MONTREAL, CANADA - NOVEMBER 09: Joel Edmundson #44 of the Montreal Canadiens and goaltender Sam Montembeault #35 celebrate their victory against the Vancouver Canucks at Centre Bell on November 9, 2022 in Montreal, Quebec, Canada. The Montreal Canadiens defeated the Vancouver Canucks 5-2. (Photo by Minas Panagiotakis/Getty Images)

12 games into the season, the Montreal Canadiens sit 23rd in the NHL with a 5-6-1 record. The Habs were expected to be bottom feeders this year but have impressed many with their play despite a losing record. The Canadiens are a team full of youth and the young guns have come to play thus far. However, the Canadiens’ vets have failed to provide the team with the needed secondary scoring. This raises concern for the team for several reasons.

Montreal Canadiens Need More Secondary Scoring

Young Guns Forced to Carry the Load

The Canadiens’ veterans have struggled to produce, putting pressure on the Habs’ young guns. However, they have not faltered under the pressure. The top line of Cole Caufield, Nick Suzuki, and new addition Kirby Dach are leading the way offensively. Caufield has 14 points on the year while Suzuki leads the way with 15, including eight goals each. Dach has managed 10 points himself including a team-leading eight assists. The next closest player is Sean Monahan with eight points. Monahan has rebounded nicely for the team thus far but beyond him, there are secondary scoring issues.

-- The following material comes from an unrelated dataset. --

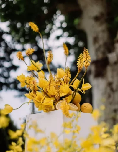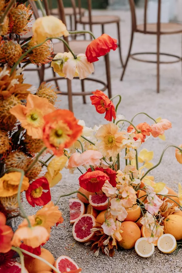 Ici, la Dolce Vita se réinvente. Exit les clichés bleu méditerranée et citron iconique : place à une palette audacieuse, vivante et terriblement moderne. Orange incandescent, rouge passion, jaune lumineux… Une harmonie chromatique qui pulse, qui réchauffe, qui fait battre le cœur plus vite, pour un mariage coloré incarnant la passion.

Kaiden Guhle has five points, equal to Josh Anderson‘s point total and more than the likes of Brendan Gallagher, Evgenii Dadonov, Mike Hoffman, Jonathan Drouin, Joel Armia, and Christian Dvorak.  None of these players have more than four points on the year. This is not enough production from the middle-six veterans to provide the Habs with the necessary secondary scoring.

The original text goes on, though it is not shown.